Наконец Петру Кузьмичу пришло на ум воротиться. Но и дома продолжилось хождение по комнатам, попытки залезть на чердак. Архип предусмотрительно запер все двери на ключ. И больной, подергав за ручку и, убедившись, что открыть не может, рассердился. Стал кидаться на дверь, пытаясь вышибить ее. И вдруг внезапно он затих.

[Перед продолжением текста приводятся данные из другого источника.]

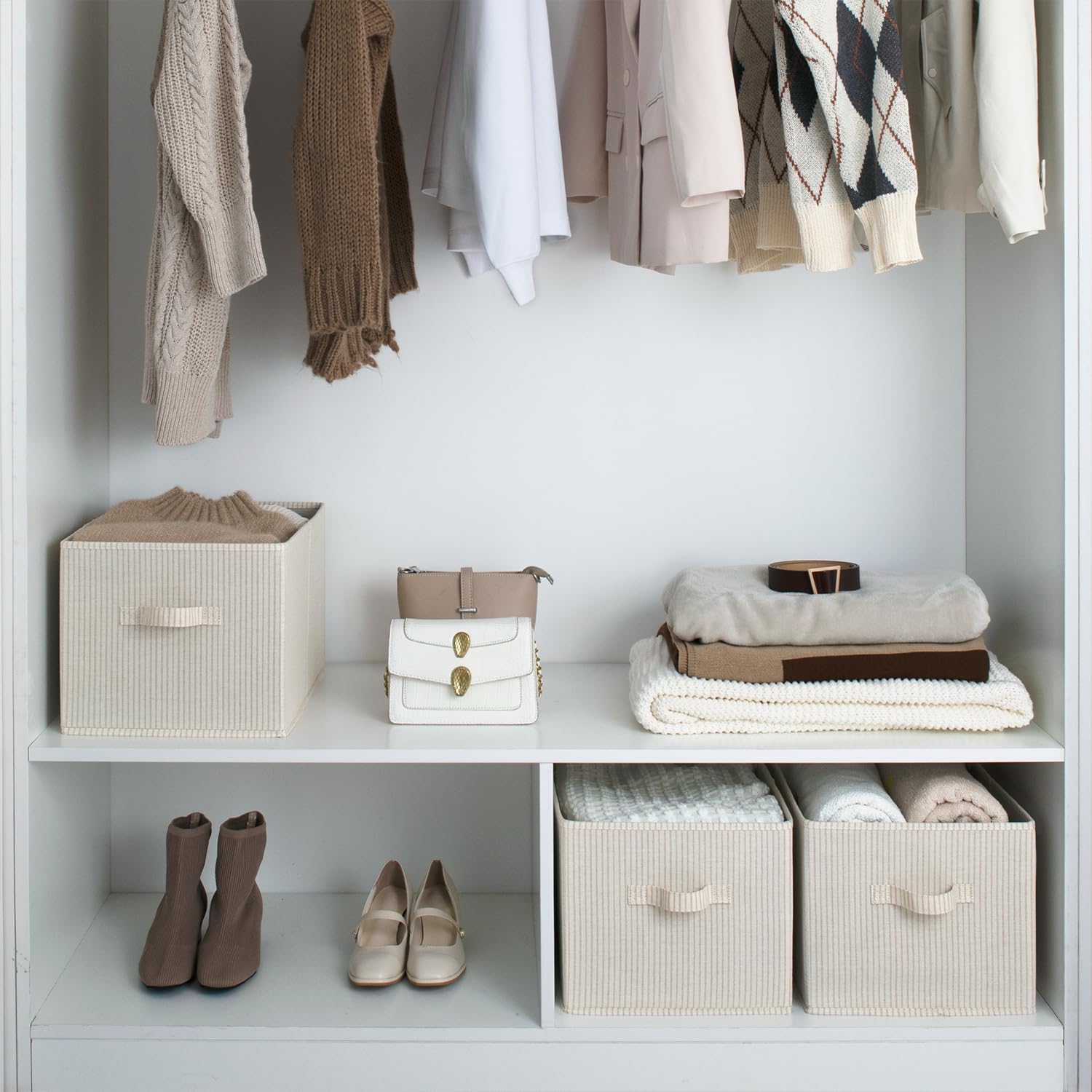 - Closet organizers with two sewn-in rope handles for easy carrying around.
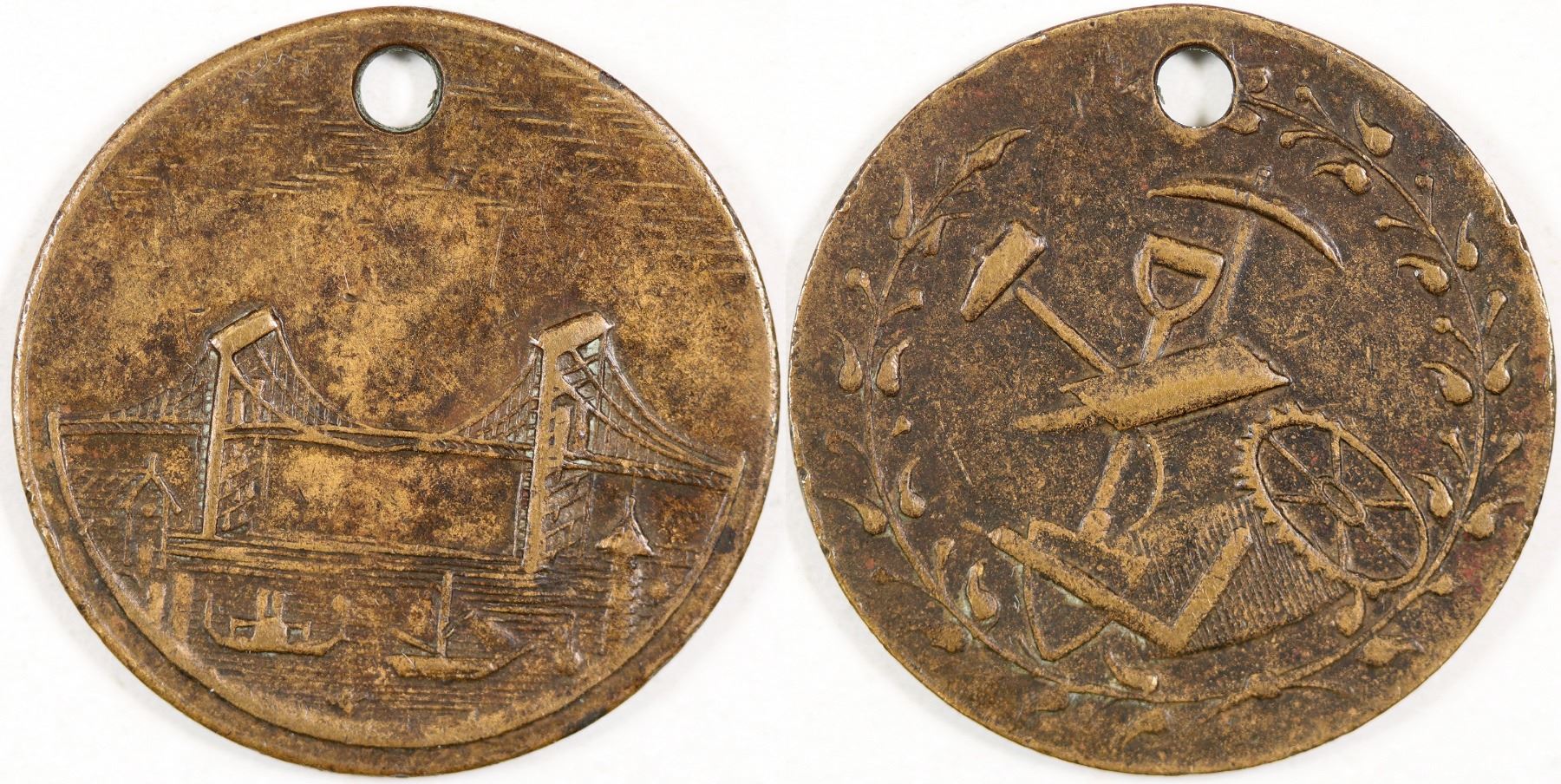 Pictorial piece: no lettering. Obv.:Suspension Bridge with ships; Rev.: Mining or Construction equipment. Br., rd., 22 mm, holed.

«Притомился болезный, вот и слава Богу», – с облегчением подумал Крутов. Подошел к присевшему на диван хозяину и стал ласково уговаривать прилечь. А когда тот послушался, накрыл его теплой кошмой в надежде, что больной быстро согреется и уснет. Сам же, сидя у изголовья на стуле, по слогам читал больному молитвы из Евангелия, а потом и сам заклевал носом, не заметив, как уснул.
Проснулся засветло от прогремевшей за воротами водовозной телеги. Убедившись, что хозяин спит, сходил в умывальню, умыл лицо. Взял бидон для молока и пошел к дому Ивана Кузьмича. А когда вернулся обратно, обнаружил, что хозяин исчез.
К этому времени на улице вовсю разошелся дождь. Солнце скрылось, как будто и не светило. И по небу мутной тяжелой грядой ползли серые низкие облака.
Передав кухарке молоко, Архип бросился вон. Обежав двор, заглянув в сарай, на чердак и даже в колодец, он выскочил за ворота. Но на улице никого не было, усилившийся дождь разогнал людей по домам. Сбегав в оба конца улицы, он никого не нашел, чтобы спросить о пропашем хозяине. Расстроенный, он вернулся домой, раздумывая, где искать Петра.